Social Media Bullshitting

David Altreiter & Sara Mahlknecht

Social Media Bullshitting

„Was für ein Bullshit!“ – Diese Aussage klingt zunächst nach einer stumpfen Beleidigung. Von dieser Vorstellung müssen wir nun abweichen, um verstehen zu können, was mit „Bullshit“ tatsächlich gemeint ist. Es handelt sich nicht um beleidigende Aussagen und auch nicht um Lügen. Dennoch schwebt das Bild von autonomen und demokratiebewussten BürgerInnen über unserer Gesellschaft, wodurch wir gerne dazu neigen, uns Meinungen zu bilden und diese zu äußern. Auch zu Themen, bei denen uns manchmal die Expertise fehlt. Das führt dann schon mal zu unüberlegten Aussagen, welche auch im Social Web gut gedeihen. Dieses ist mit seinen sozialen Strukturen und netzartigen Interaktionen, die sich in webbasierten Anwendungen zeigen, den meisten alltäglich bekannt – ob zu Zwecken der Kommunikation, des Informationsaustausches oder auch der Selbstdarstellung. [1]
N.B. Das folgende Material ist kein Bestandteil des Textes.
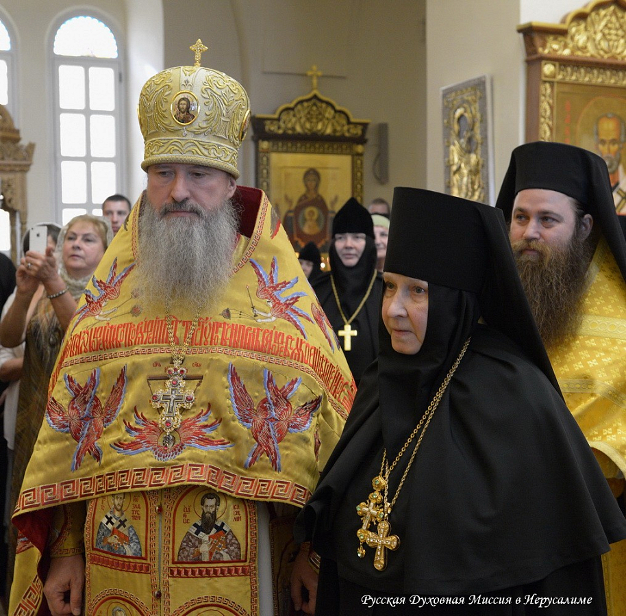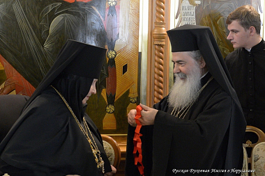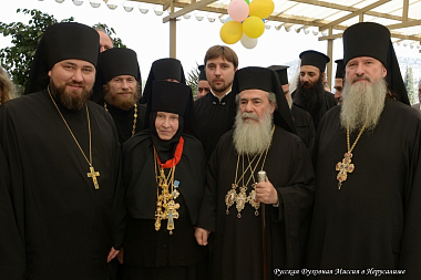По окончании богослужения митрополиты Тамбовский Феодосий, Капитолиадский Исихий, начальник Русской Духовной миссии архимандрит Александр, клирики Миссии и духовенство из числа паломников торжественно приветствовали Блаженнейшего Патриарха Иерусалимского и всей Палестины Феофила III, прибывшего в Горненский монастырь, чтобы разделить с матушкой игуменией, паломниками и всем освященным собором радость праздника.

Lüge ist mehr als Unwahrheit

Harry G. Frankfurt ist diesem besonderen Phänomen in seinem philosophischen Buch „On Bullshit“ auf den Grund gegangen. Darin versucht er, seinen LeserInnen zu erklären, was Bullshit ist und wie sich dieser von Lüge und Unsinn abgrenzt. Um dies zu veranschaulichen, greift er auf eine Anekdote zurück, in der Fania Pascal über ihren Bekannten, den bedeutenden Logik- und Sprachphilosophen Ludwig Wittgenstein, erzählt:

Eines Tages ließ ich mir die Mandeln herausnehmen, lag im Evelyn Nursing Home und bedauerte mich selbst. Da kam Wittgenstein zu Besuch. Ich krächzte: „Ich fühle mich wie ein Hund, den man überfahren hat.“ Wittgenstein war entrüstet: „Sie haben doch gar keine Ahnung, wie sich ein überfahrener Hund fühlt.“ [2]
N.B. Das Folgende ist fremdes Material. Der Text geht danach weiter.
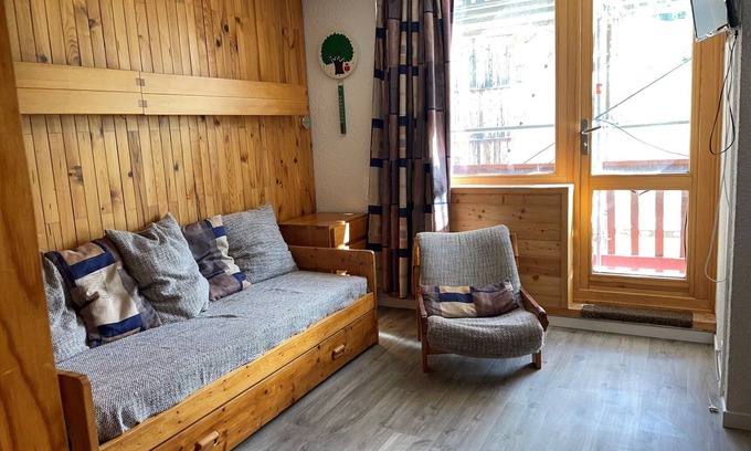 Ski in ski out studio, South exposition facing the pistes. Close to the shops.

Wittgensteins Kritik an der Aussage Pascals bezieht sich hierbei nicht darauf, dass ihm seine Bekannte eine Lüge erzählen wollte. Es ging ihr tatsächlich schlecht. Doch sie denkt nicht über die Richtigkeit ihrer Äußerung nach. Beim Bullshit geht es demnach weniger um die Falschheit, als um die Fälschung. Das Wesen und die Abgrenzung dieses Phänomens liegt nach Frankfurt in der Gleichgültigkeit gegenüber der Wahrheit, was nicht bedeutet, dass Bullshit zwangsläufig unwahr ist. [3]
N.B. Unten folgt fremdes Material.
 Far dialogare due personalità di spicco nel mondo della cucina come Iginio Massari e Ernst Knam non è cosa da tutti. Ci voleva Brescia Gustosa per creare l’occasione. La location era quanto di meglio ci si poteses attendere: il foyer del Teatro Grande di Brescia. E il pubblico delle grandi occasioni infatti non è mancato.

Wer lügt weiß, dass seine Aussage falsch ist. Dem Bullshitter geht es hingegen um seine Zielsetzung, er steht dabei über Wahrem und Falschem. Vielmehr legt er sich die Realität so zurecht, dass sie das, was er erreichen möchte, unterstützt. Der Wahrheitswert einer Behauptung ist dabei nicht von Bedeutung. Wer bullshittet, lügt demnach nicht bewusst, wenn auch Unwahres von sich gegeben wird. [4] Zudem grenzt Frankfurt auch den Begriff „Unsinn“ ab, da es sich nicht um sinnlose oder unwichtige Inhalte handelt, sondern ein bestimmter Zweck erfüllt werden soll. Als einzig nützliches Äquivalent zum Begriff Bullshit nennt der Autor den Ausdruck von „heißer Luft“ und erklärt dies damit:

Während heiße Luft ein von jeglichem Informationsgehalt entleertes Reden darstellt, sind Exkremente Stoffe, denen jegliche Nährstoffe entzogen worden sind. […] Jedenfalls können sie ebenso wenig zur Ernährung beitragen, wie heiße Luft der Kommunikation zu dienen vermag. [5]

Im Gegensatz zur Lüge unterstellt Frankfurt dem Bullshit ein größeres Ausmaß an Kreativität, das sich in Improvisation und Phantasie zeigt und damit schon eine Art von Kunst impliziert.

Die Sache mit der Viralität

Wie anfangs bereits erwähnt, wird Bullshit besonders dadurch gefördert, dass unser demokratisches Grundverständnis von uns verlangt, sich zu relevanten Themen eine Meinung zu bilden. Dieser Meinungsbildungsprozess geschieht auch im Web und über Social Media Plattformen. [6] Das Web 2.0 ermöglicht es seinen UserInnen, Informationen nicht nur passiv zu konsumieren, sondern selbst zu produzieren und in der digitalen Welt zu interagieren: mit Likes, Shares und Kommentaren. Bei daraus entstehenden Diskussionen wollen NutzerInnen der eigenen Meinung Stärke verleihen.  Wenn es das Hauptziel ist, andere davon zu überzeugen, gerät der Respekt gegenüber der Wahrheit gerne mal in den Hintergrund und das Bullshitten beginnt.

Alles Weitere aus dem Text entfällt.